June 3, 2014
On May 29, 2014, the California Supreme Court mandated the release of the names of police officers involved in shootings. The decision in Long Beach Peace Officers Association v. City of Long Beach stemmed from an incident on December 12, 2010 in which two Long Beach police officers responded to a call about an intoxicated man brandishing a gun on neighboring property. After a man pointed an object resembling a gun at them, the officers opened fire and killed the man. As it turned out, the object the man had in hand was a garden hose spray nozzle with a pistol grip. The shooting came to be known as the “Zerby shooting.”
Three days later, a reporter for the Los Angeles Times made a request under the California Public Records Act (“CPRA”) for the names of the officers involved in the Zerby shooting, as well as the names of the officers involved in shootings for the six (6) years preceding that shooting. The Long Beach Peace Officers Association (“Union”) filed for injunctive relief to enjoin the release of the information. In support of its request, the Union attached a declaration from its president, expressing concern that the release of the officers’ names could result in threats against them and their families. The Union also referenced a recent police shooting which led to death threats against the involved officer, as well as an anonymous post on an internet website that suggested that harm be done to officers involved in on-duty shootings.

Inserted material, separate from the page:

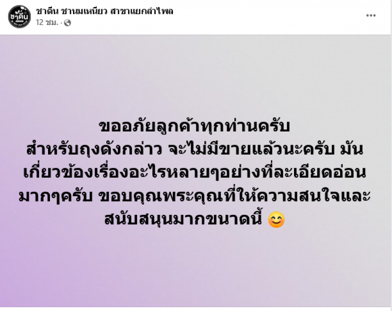 ล่าสุดทางร้านก็ได้มีการประกาศ ยกเลิกขายถุงดังกล่าวแล้ว โดยระบุว่า ขออภัยลูกค้าทุกท่านครับ สำหรับถุงดังกล่าว จะไม่มีขายแล้วนะครับ มันเกี่ยวข้องเรื่องอะไรหลายๆอย่างที่ละเอียดอ่อนมากๆครับ ขอบคุณพระคุณที่ให้ความสนใจและสนับสนุนมากขนาดนี้
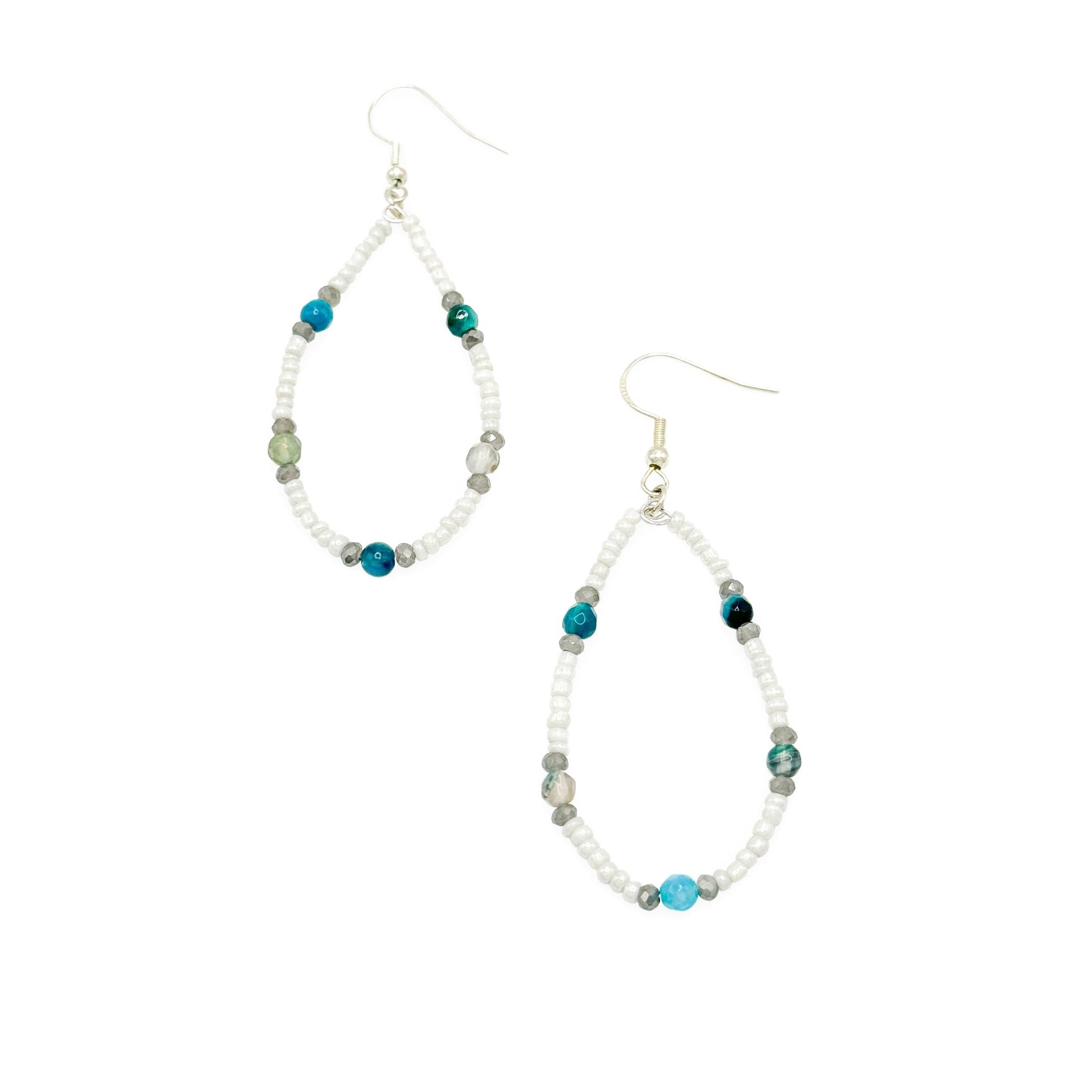 You'll hear the beach calling with your Beach Comber earrings. A silver wire beaded with white seed beads, silver crystals and shades of sea blue and grey agate stones in a nautical pattern forms a teardrop and hangs from a hypoallergenic silver plated fishhook.

The Supreme Court performed a thorough analysis of the exemptions to disclosure under the CPRA and concluded that none applied to prohibit the disclosure of the officers’ names. The Court paid specific attention to the “catchall” exemption in Gov. Code § 6255(a), which allows a public agency to “justify withholding any record by demonstrating that . . . on the facts of the particular case the public interest served by not disclosing the record clearly outweighs the public interest served by disclosure of the record.” Ultimately, the Court found that the catch-all exception did not apply as the balancing of interests tipped in favor of disclosure:
Vague safety concerns that apply to all officers involved in shootings are insufficient to tip the balance against disclosure of officer names. As we have said in the past, [a] mere assertion of possible endangerment does not ‘clearly outweigh’ the public interest in access to . . . records.

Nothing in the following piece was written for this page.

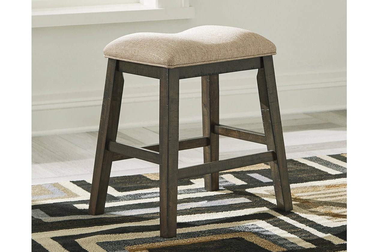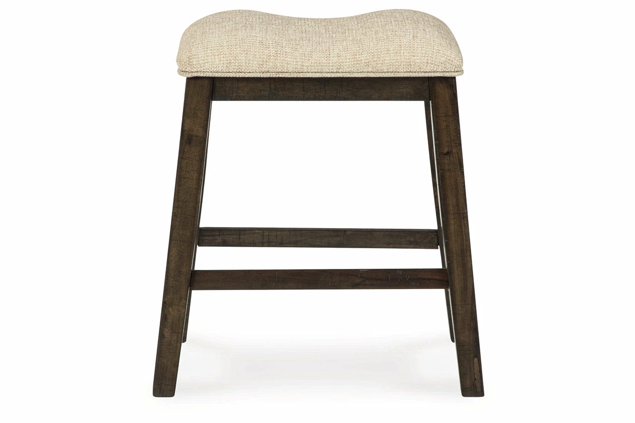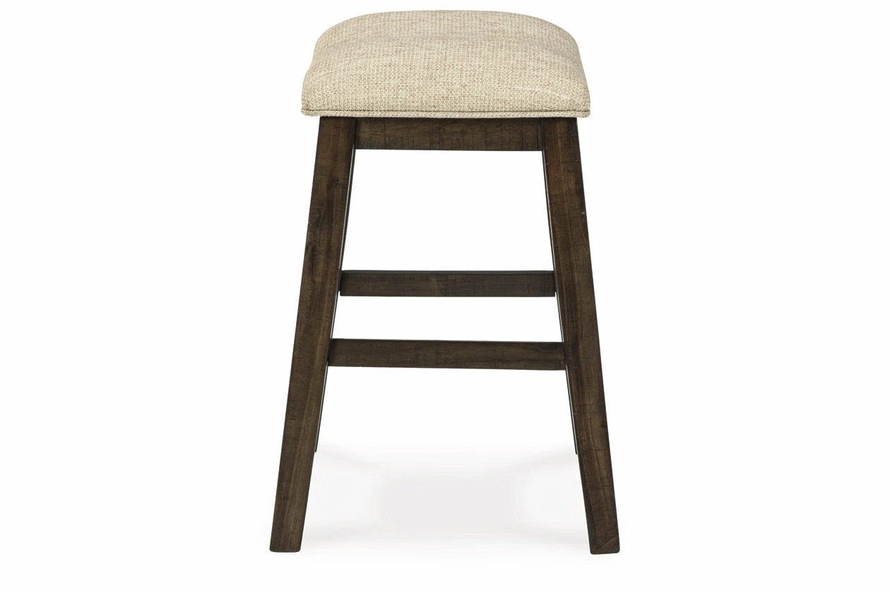 Love a modern farmhouse sensibility? Saddle up with this upholstered stool. Its sturdy wood frame with rough sawn texture is topped with a sumptuous saddle seat covered in a light brown textured fabric for a relaxed look and feel.
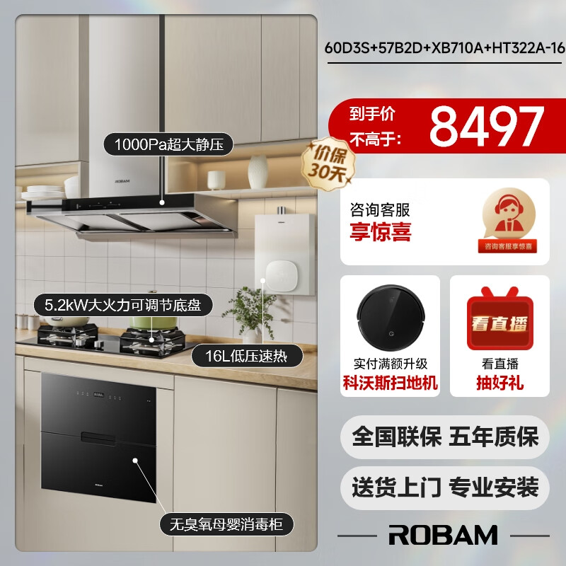 老板(Robam)厨房多件套 欧式24风量双腔吸油烟机挥手 灶具消毒柜燃气热水器60D3S+57B2DT+XB710A+HT322A-16价格:8497.00元!

The Court also contrasted a law enforcement agency’s duty to disclose information under the CPRA with its duty to preserve confidentiality of personnel records under the Pitchess statutory framework. The Court concluded that the names of officers involved in shootings do not constitute a confidential personnel record, but instead, the type of information that would regularly be produced pursuant to a CPRA request. The Court summarized its holding as follows:
Understandable are the general safety concerns of officers who fear retaliation from angry members of the community after an officer-involved shooting, especially when the shooting results in the death of an unarmed person. But the Legislature, whose laws we must construe, has not gone so far as to protect the names of all officers involved in such shootings. That the Legislature generally considers it important for the public to know the identities of the officers serving the community is reflected in the statutory provision requiring a uniformed officer to display either a name or an identification number (Pen. Code, § 830.10).
Lastly, it is important to note that the underlying petition for an injunction was dismissed without prejudice. In so doing, the Court put the onus on parties resisting CPRA requests to articulate, with particularity, legitimate threats to the officers whose names are sought. Thus, the Court left an opening for these types of CPRA requests to be denied in exceptional circumstances.